## Work to complete:
The answer must be the full listing, word for word, with no pictures in it.

## Data shown:

---------------

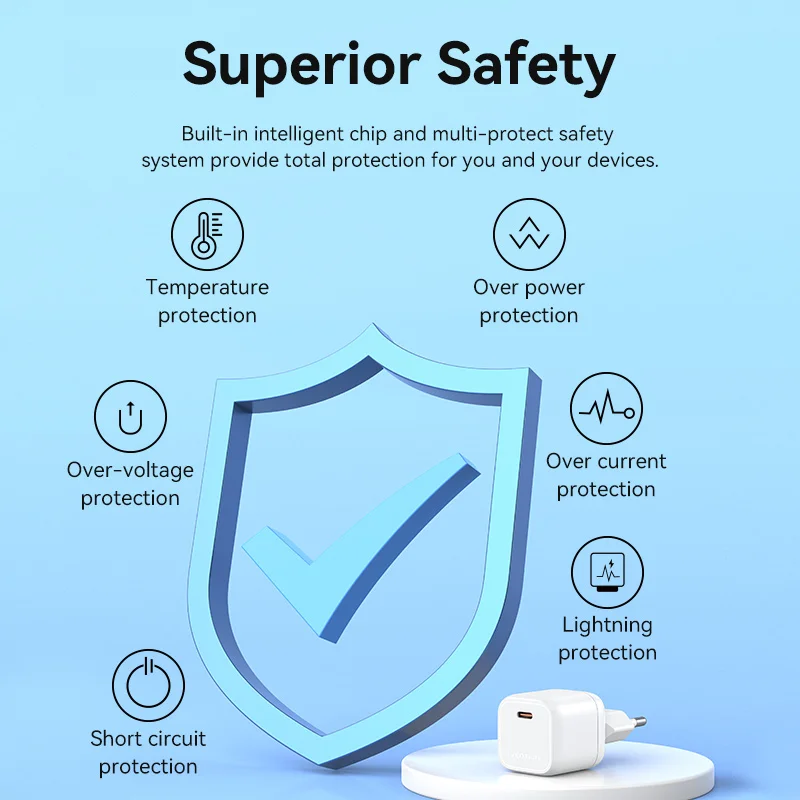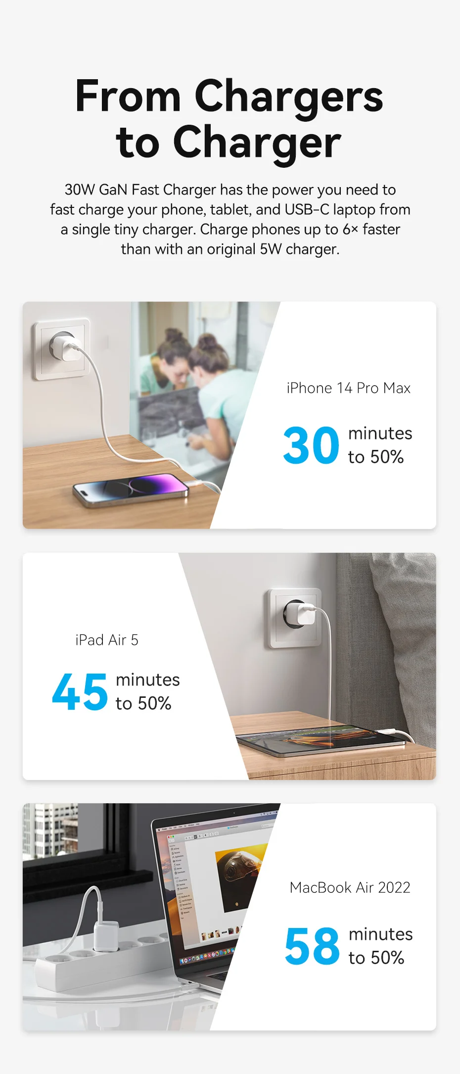 El cargador rápido GaN de 30W tiene la potencia que necesita para cargar rápidamente su teléfono, tableta y USB-C ordenador portátil desde un solo cargador pequeño. Carga teléfonos hasta 6 veces más rápido que con un cargador original de 5W.
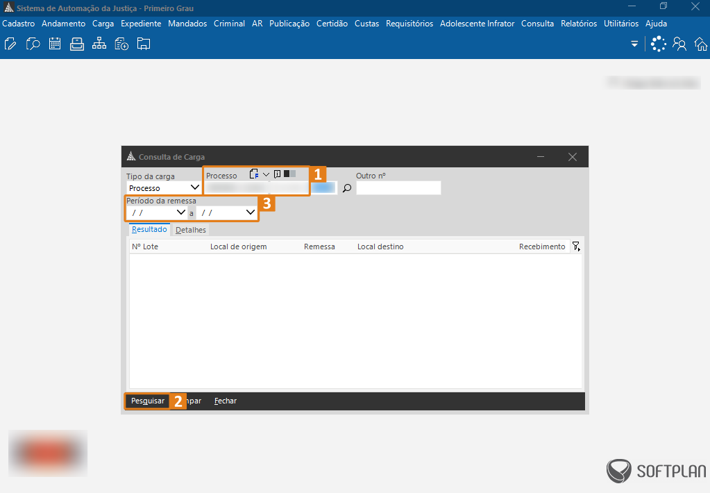 2. Na tela de Retificação de Processo, informe o número de processo (item 1 da figura) ao qual deseja retificar. Na primeira aba Dados Processuais (item 2 da figura), note que alguns campos já preenchidos, automaticamente, pelo sistema, não podendo ser alterados. Os campos que permitem alteração, você pode atualizar os dados, se assim desejar. No caso dos processos Criminais informe o documento de (item 3 da figura).
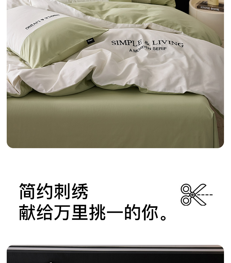 (总)佳汐蓝家纺 2025新款春夏新品TENCEL兰精天丝四件套绣花系列,墨菲花园·珍珠绿

---------------

## Written reply:
 El cargador rápido GaN de 30W tiene la potencia que necesita para cargar rápidamente su teléfono, tableta y USB-C ordenador portátil desde un solo cargador pequeño. Carga teléfonos hasta 6 veces más rápido que con un cargador original de 5W.
 2. Na tela de Retificação de Processo, informe o número de processo (item 1 da figura) ao qual deseja retificar. Na primeira aba Dados Processuais (item 2 da figura), note que alguns campos já preenchidos, automaticamente, pelo sistema, não podendo ser alterados. Os campos que permitem alteração, você pode atualizar os dados, se assim desejar. No caso dos processos Criminais informe o documento de (item 3 da figura).
 (总)佳汐蓝家纺 2025新款春夏新品TENCEL兰精天丝四件套绣花系列,墨菲花园·珍珠绿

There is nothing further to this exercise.